The observed random variables y_i are assumed to arise from the process: y_i=sum(z_{i1}+z_{i2}+...+z_{in_i}) where n_i is a Poisson variable with mean lambda and z_{ij} is a Gamma variable with mean mu.Z and variance mu.Z^2 / alpha.

The means of each of the unobserved random variables are modelled using a log-link and the formula given in p.form and g.form.

The distribution is equivalent, up to parameterisation and model interpretation, to the Tweedie GLM model described in Smyth (1996) and Dunn and Smyth (2005). Their models contain model the overall mean only and not the separate processes. Also the Poisson-Gamma distribution is a subset of the more general Tweedie distribution.

The residuals are quantile residuals, described in general by Dunn and Smyth (1996). Calculation of the quantile residuals ignores any specified weights.

Value

pgm returns an object of class "pgm", a list with the following elements
coef

the estiamted coefficients from the fitting process.

logl

the maximum log likelihood (found at the estimates).

score

the score of the log-likelihood (at the estimates).

vcov

the variance-covariance matrix of the estimates.
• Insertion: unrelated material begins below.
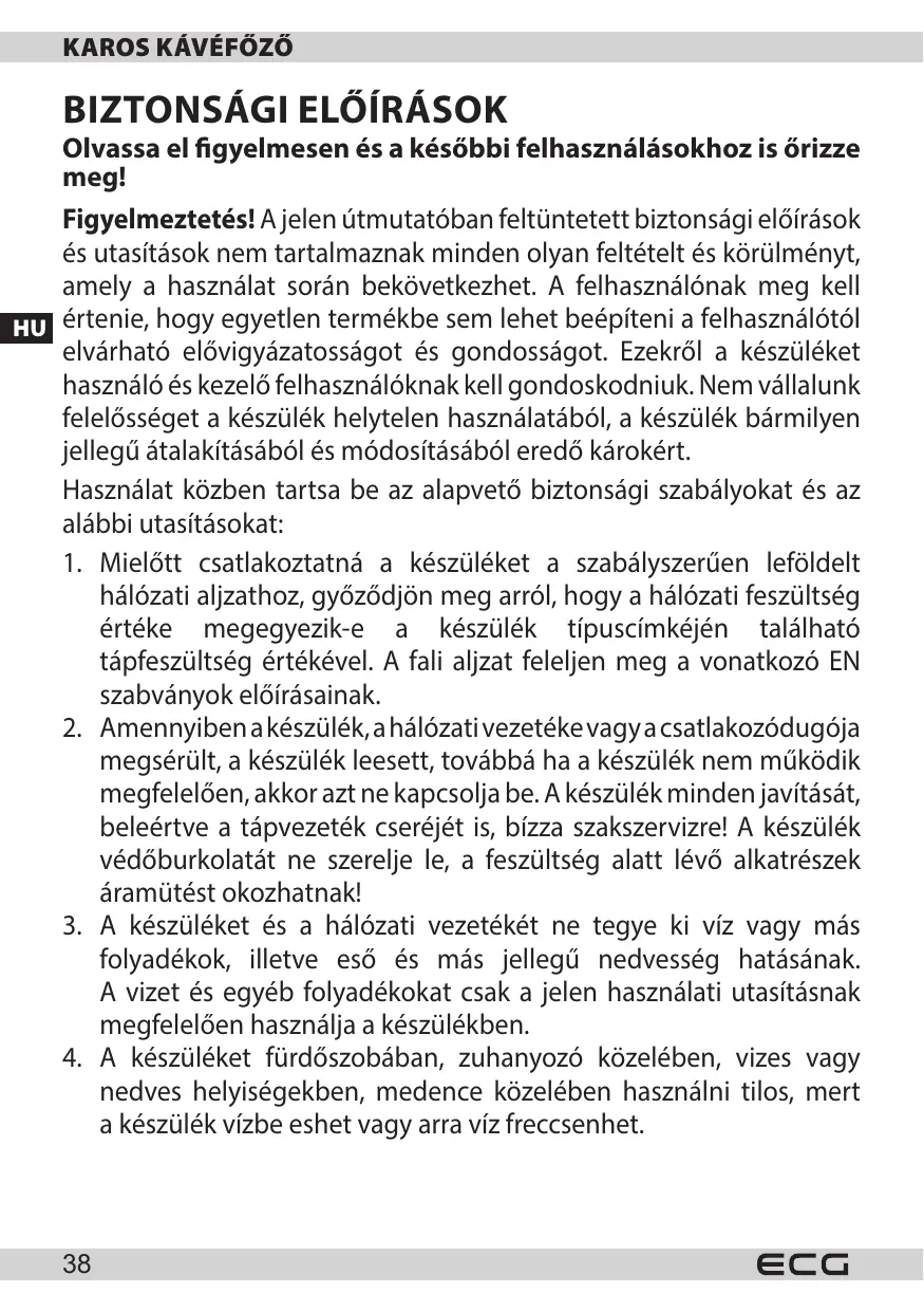 - Az ECG nem vällal felelosséget a keszülék helytelen használatábl vagy figyelmetlenségból eredó serulésekér és károkér. A keszülék használatba vetele elött gondosan olvassa el a használati utmutató minded fejezetét. A keszülék külso felülete a használat során erösen felmelegszik, a megérintese égési seruléseket okozhat. A muködő keszüléket ne hagyja felügyelet nélkül (fǒleg, ha a bözelben gyerekek is tartózkodnak).

If vcov is FALSE then this will be NULL.

conv

the convergence message from the call to nlminb.

message

the convergence message from nlminb.

niter

the number of iterations taken to obtain convergence.

evals

the number of times the log-likelihood and its derivative were evaluated.

call

the call used to invoke the function.

fitted

matrix with three columns containing:the total modelled mean, the Poisson mean, and the gamma mean.

residuals

the vector of quantile residuals.

Author(s)

Scott D. Foster

References

Smyth, G. K. (1996) Regression analysis of quantity data with exact zeros. Proceedings of the Second Australia–Japan Workshop on Stochastic Models in Engineering, Technology and Management. Technology Management Centre, University of Queensland, pp. 572-580.

Dunn P. K and Smyth G. K (1996) Randomized Quantile Residuals. Journal of Computational and Graphical Statistics 5: 236-244.

Dunn P. K. and Smyth G. K. (2005) Series evaluation of Tweedie exponential dispersion model densities. Statistics and Computing 15: 267-280.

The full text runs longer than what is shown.